* **Task description**: Repeat every line of the listing below exactly, minus the pictures.
[Recorded information Boundary: Start]
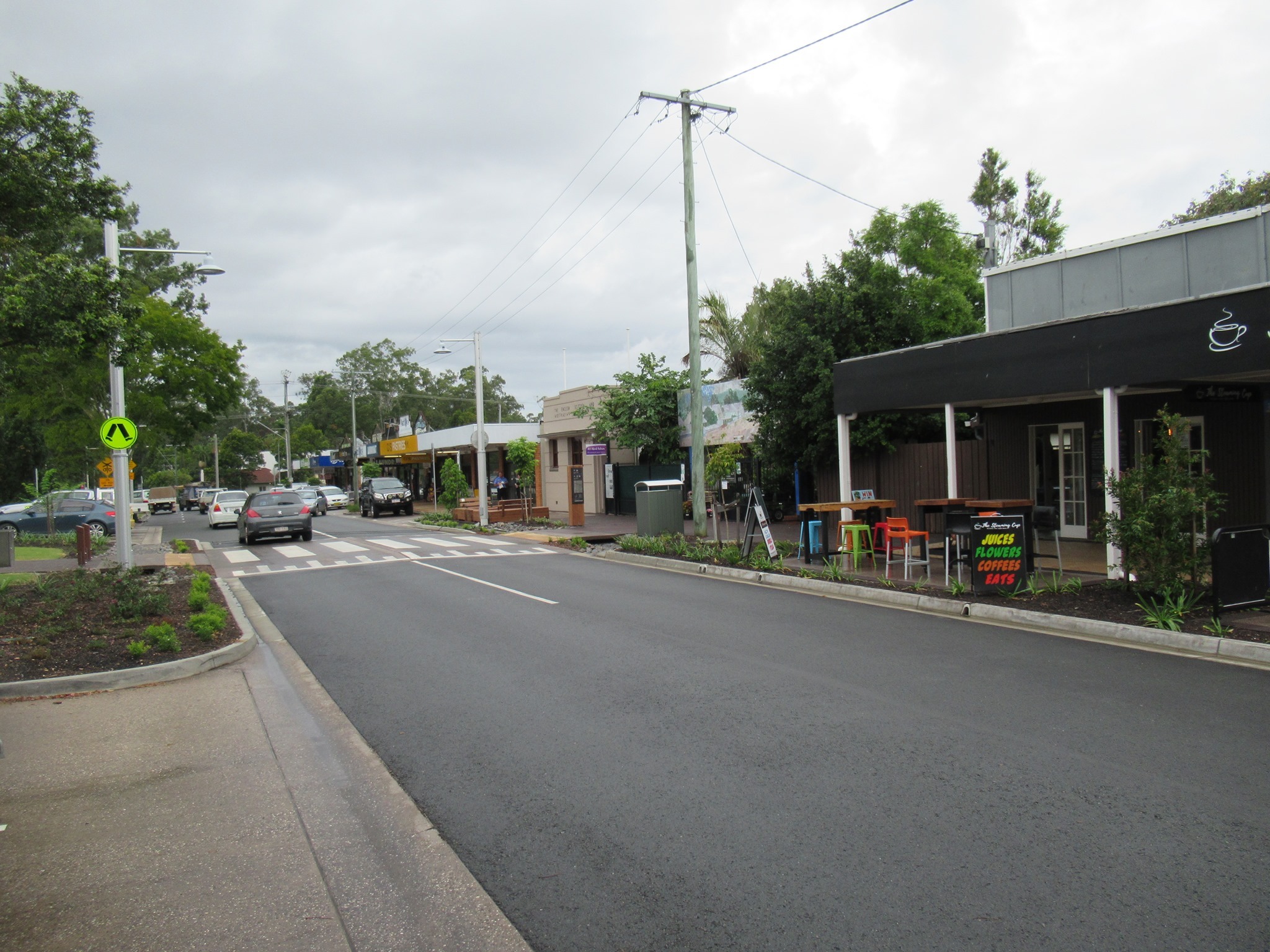 On our recent travels we noticed that Cribb St, in the Sunshine Coast town of Landsborough has recently had a facelift. It’s amazing how much more inviting it feels now after the street has been narrowed, the traffic calmed, and car parking removed from directly in front of the shops. Now the local businesses are visible and much more inviting, with room for outdoor dining or to catch up for a chat. We really like the wombat crossings (raised pedestrian crossings) – particularly on the side street, so that pedestrians have obvious right of way and a level pavement. One objection we’ve heard in Brisbane is that buses can’t handle speed platforms – but that doesn’t appear to be a problem in Landsborough.
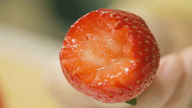 “咔哧”一口,立马会发现它和普通的草莓的区别。实打实的果肉内里没有空心,紧实鲜脆中又夹杂着恰到好处的柔软,每一口都带来水润甜美滋味。
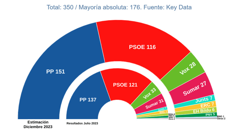 En el estudio de Key Data de diciembre los de Feijóo obtienen una estimación de voto del 36,4%, y se mantienen en ascenso prácticamente desde el verano. Con este porcentaje, el PP obtendría alrededor de 151 escaños; esto supone tres puntos y 14 escaños más respecto a lo que lograron en el 23J.
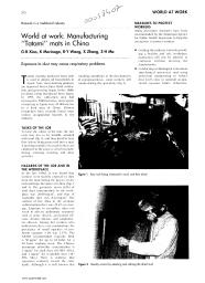 Les troubles musculosquelettiques (TMS) et leurs facteurs de risque dans la production mécanique ont été examinés à l'aide d'entretiens, d'analyses des postures, et de l'équation révisée du NIOSH (National Institute for Occupational Health) pour le lever de charges. 69 travailleurs affectés dans des tâches de manutention manuelle (emploi A) et 51 travaillant sur les machines (emploi B) et ayant moins de manutentions à effectuer ont été étudiés. Les taux de prévalence des lombalgies (au moins un épisode durant 24 heures ou plus au cours des 12 derniers mois) étaient respectivement de 63.8 % et 37.3 % pour les emplois A et B. Les taux de prévalence des lombalgies survenant chaque jour pendant une semaine ou plus attribuées au lever de charges étaient respectivement de 26.09 % et de 5.88 % pour les emplois A et B. L'analyse de régression multiple a révélé que la répétitivité des levers de charges et l'âge contribuaient à la survenue des lombalgies. La "charge composite" (poids de la charge par la répétitivité) avait un effet néfaste significatif sur les lombalgies.
[Recorded information Boundary: End]
* **Answer space**:
 On our recent travels we noticed that Cribb St, in the Sunshine Coast town of Landsborough has recently had a facelift. It’s amazing how much more inviting it feels now after the street has been narrowed, the traffic calmed, and car parking removed from directly in front of the shops. Now the local businesses are visible and much more inviting, with room for outdoor dining or to catch up for a chat. We really like the wombat crossings (raised pedestrian crossings) – particularly on the side street, so that pedestrians have obvious right of way and a level pavement. One objection we’ve heard in Brisbane is that buses can’t handle speed platforms – but that doesn’t appear to be a problem in Landsborough.
 “咔哧”一口,立马会发现它和普通的草莓的区别。实打实的果肉内里没有空心,紧实鲜脆中又夹杂着恰到好处的柔软,每一口都带来水润甜美滋味。
 En el estudio de Key Data de diciembre los de Feijóo obtienen una estimación de voto del 36,4%, y se mantienen en ascenso prácticamente desde el verano. Con este porcentaje, el PP obtendría alrededor de 151 escaños; esto supone tres puntos y 14 escaños más respecto a lo que lograron en el 23J.
 Les troubles musculosquelettiques (TMS) et leurs facteurs de risque dans la production mécanique ont été examinés à l'aide d'entretiens, d'analyses des postures, et de l'équation révisée du NIOSH (National Institute for Occupational Health) pour le lever de charges. 69 travailleurs affectés dans des tâches de manutention manuelle (emploi A) et 51 travaillant sur les machines (emploi B) et ayant moins de manutentions à effectuer ont été étudiés. Les taux de prévalence des lombalgies (au moins un épisode durant 24 heures ou plus au cours des 12 derniers mois) étaient respectivement de 63.8 % et 37.3 % pour les emplois A et B. Les taux de prévalence des lombalgies survenant chaque jour pendant une semaine ou plus attribuées au lever de charges étaient respectivement de 26.09 % et de 5.88 % pour les emplois A et B. L'analyse de régression multiple a révélé que la répétitivité des levers de charges et l'âge contribuaient à la survenue des lombalgies. La "charge composite" (poids de la charge par la répétitivité) avait un effet néfaste significatif sur les lombalgies.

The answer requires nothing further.